_Extracted data_
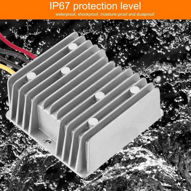 L*W*HPackage contains: 1pcs x DC Power ConverterAre there any advantages of the product? The DC converter has a high conversion rate, over current, over voltage, short circuit, over temperature protection, strong anti-interference ability, stable and reliable, strong anti-interference ability, and a conversion rate of up to 90%. The DC to DC converter has an aluminum alloy shell and a more efficient heat dissipation capacity. Epoxy resin and silicone potting, IP67 protection level, waterproof, shockproof, moisture-proof and dustproof. Power converter transformer has strong adaptability to the working environment and can output normally in harsh environments of -20C~85C. How to use it?
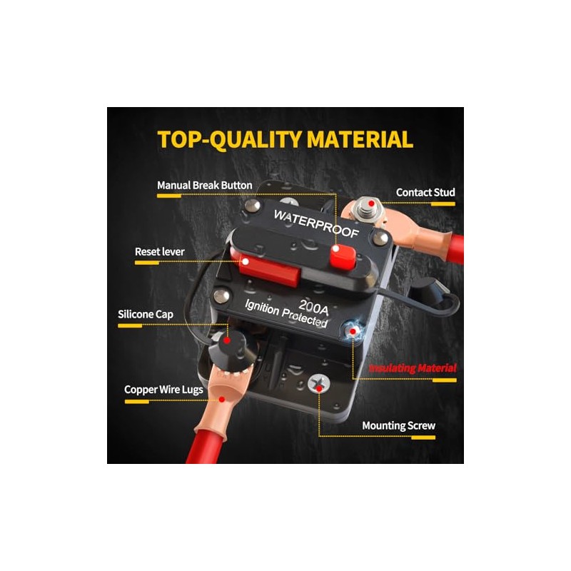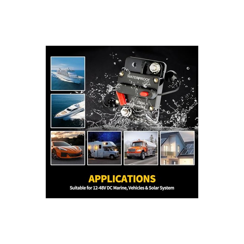 - Specification: 200 Amp Circuit Breaker 12v, Operating Voltage: DC 12V - 48V, Waterproof IP 67, Meet S.A.E. J1625, J1171, UL1500 (Ignition Protected). Widely used in marine and automotive circuits, suitable for Boat, Yacht, Kayak, RV, Trailer, Bus, Truck, Winches, ATV, solar system etc.
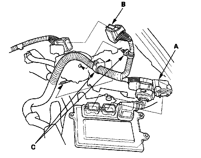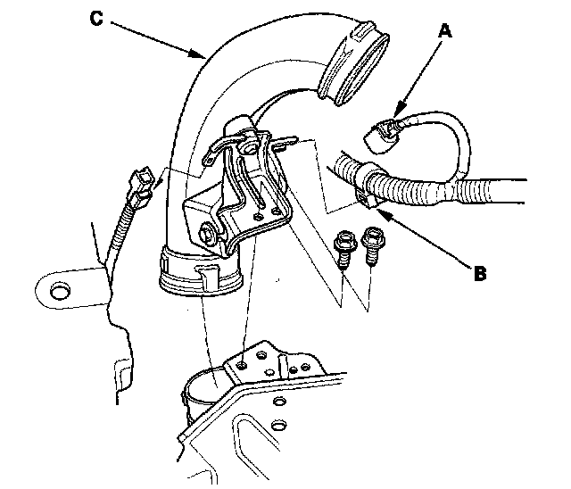 8. Disconnect the connector (A), and remove the harness clamp (B), then remove the resonator (C).
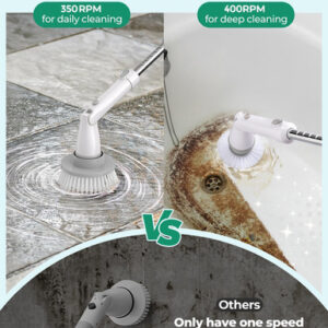 – Duas velocidades de rotação, reduza pela metade o tempo de limpeza: ao contrário de outras lavadoras elétricas que oferecem apenas uma velocidade com potência limitada, a lavadora elétrica KHelfer possui duas velocidades de rotação ajustáveis, permitindo que você elimine resíduos de sabão, argamassa e manchas difíceis em apenas alguns minutos. Ative a baixa velocidade de 350 RPM para a limpeza diária ou pressione e segure por 2 a 4 segundos ou clique novamente para alternar para o modo de 400 RPM para uma limpeza mais profunda.
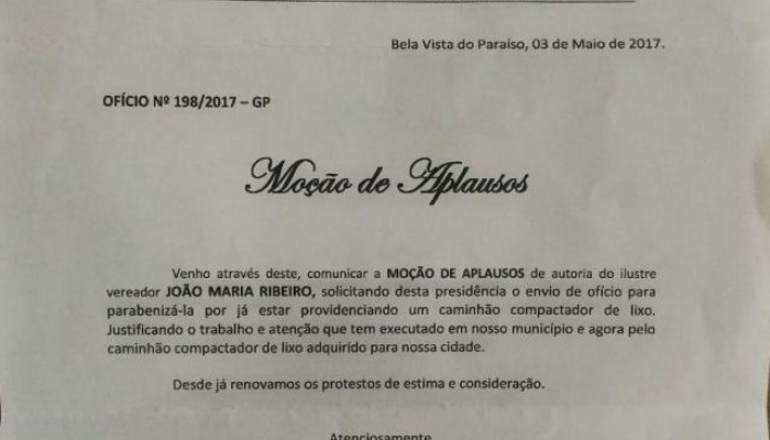 A deputada estadual cantora Mara Lima (PSDB) foi surpreendida essa semana por uma Moção de Aplausos, de autoria do vereador João Maria Ribeiro, conhecido como João do Barro, do municÃpio de Bela Vista do ParaÃso, por ter providenciado um caminhão compactador de lixo.

_Task item_
Each line from the first line of the listing through the line with "limpeza mais profunda." must be printed exactly, both ends included, and no picture may appear.

_Response to this task_
 L*W*HPackage contains: 1pcs x DC Power ConverterAre there any advantages of the product? The DC converter has a high conversion rate, over current, over voltage, short circuit, over temperature protection, strong anti-interference ability, stable and reliable, strong anti-interference ability, and a conversion rate of up to 90%. The DC to DC converter has an aluminum alloy shell and a more efficient heat dissipation capacity. Epoxy resin and silicone potting, IP67 protection level, waterproof, shockproof, moisture-proof and dustproof. Power converter transformer has strong adaptability to the working environment and can output normally in harsh environments of -20C~85C. How to use it?
 - Specification: 200 Amp Circuit Breaker 12v, Operating Voltage: DC 12V - 48V, Waterproof IP 67, Meet S.A.E. J1625, J1171, UL1500 (Ignition Protected). Widely used in marine and automotive circuits, suitable for Boat, Yacht, Kayak, RV, Trailer, Bus, Truck, Winches, ATV, solar system etc.
 8. Disconnect the connector (A), and remove the harness clamp (B), then remove the resonator (C).
 – Duas velocidades de rotação, reduza pela metade o tempo de limpeza: ao contrário de outras lavadoras elétricas que oferecem apenas uma velocidade com potência limitada, a lavadora elétrica KHelfer possui duas velocidades de rotação ajustáveis, permitindo que você elimine resíduos de sabão, argamassa e manchas difíceis em apenas alguns minutos. Ative a baixa velocidade de 350 RPM para a limpeza diária ou pressione e segure por 2 a 4 segundos ou clique novamente para alternar para o modo de 400 RPM para uma limpeza mais profunda.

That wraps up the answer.